Think about the perceived value of products for a moment. “You get what you pay for.” Usually this is said sarcastically because you’ve purchased something off eBay that looks like a more expensive product and it fails. The product may function the same as the more expensive or genuine product but this time it fails. The problem is, it’s still good but its perceived value is considerably less. Why?

Think Thermomix. I’m assuming you know about Thermomix. If not, and you’ve been living in a cave, Thermomix is a high end kitchen appliance that pretty much does everything in the kitchen other than wash your dishes for you. This product is $2000. Whether it’s worth the $2000, well that’s up to the purchaser. They have no problems selling them so apparently its value is perceived by the public. There are plenty of cheaper versions on the market that do relatively the same thing that the Thermo does, so why hasn’t that impacted the sale of Thermo?

Perceived value.

People believe that Thermo is the superior product, therefore it’s the superior product…

I’m sure that this belief originally started because it was unique, it followed through with what it promised, it had good functionality, and it demonstrated its ability to add value to a persons life…who doesn’t want frozen margaritas and risotto on demand? However now you ask people why they want one its rarely has to do with its functionality and more to do with the fact that everyone talks about how ‘amazing’ they are.

I think we can learn a lot from the success of items like Thermomix to shift the perception of professional value in business…

In a professional skills setting, Accounting and IT are often seen as complex functions (i.e.: unique). The technical jargon that goes along with them is often confusing. So the perception of value for people that can understand this world and speak the language is high (i.e.: follow through and functionality). And rightly so. If you are adding unique value to business that no one else provides then Woo and Hoo you’re on the right side of keeping your job and doing the right thing for your company.

If you are doing a job that anyone can do…then the value decreases.

When I look at the Human Resources profession I see all of these aspects of a good and valuable ‘product’. They have a unique skill set, they navigate complexity, they follow through with good functionality….but have they demonstrated the capacity to add unique value to someone’s life (someone being the business bosses of course). This is where this historical origins of HR have let us down. HR left the personnel department about 30 years ago…unfortunately the perception of HR, and some people in HR, did not.

I’ve worked as a strategic HR professional for most of my HR career. This means that I come up with workforce strategies that align directly to the long term goals and operational outcomes of the particular business I’m working for at the time. However when I introduce myself at a party and say I’m HR I’m bombarded with questions about people’s resumes, contracts or payroll concerns.

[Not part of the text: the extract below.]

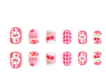 K19 Beauty Tips false nails for kids Teenage or small fingers.Cherry Rabbit Series (Pink rabbit)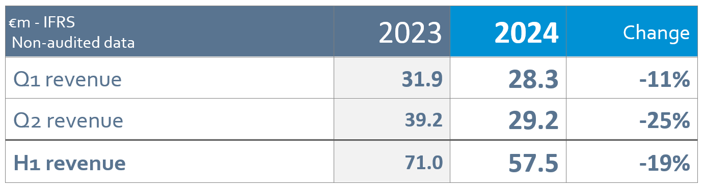 隨著整體經(jīng)濟(jì)放緩,2024年第二季度的活動(dòng)遵循了前幾個(gè)季度的趨勢(shì),連續(xù)四個(gè)季度的收入約為2800萬(wàn)歐元-3000萬(wàn)歐元之間。

When I explain that’s not what I do in my role they look at me confused and state “but aren’t you HR?”. Well that’s if they don’t tell me that they hate HR and walk away of course.

Sigh…. I think we need a new PR team!

As HR professionals we need to be working hard to show our unique value to our business. When we show value we are valued. Our businesses perception of value will change as more and more highly skilled HR professionals stop doing the paperwork and start enabling the growth and success of the business.

Great Administration Officers are absolute gold in a business so allow them to demonstrate their unique value and do the administration while HR demonstrates their unique value and initiates culture change. We should all contribute the skills and gifts that we have to contribute instead of doing someone else’s job just because that’s what’s ‘needed’ at the time.

I have a pollyanna approach to life so I know we can change perceived value. And I’m a realist so I know takes time, blood, sweat and tears.

If your business isn’t valuing your profession, perhaps it’s time to change that. It starts with each of us taking a stand and demonstrating the unique value of our profession.

Let’s stop doing each other’s jobs and accept the unique skills and gifts that we have to give are valuable.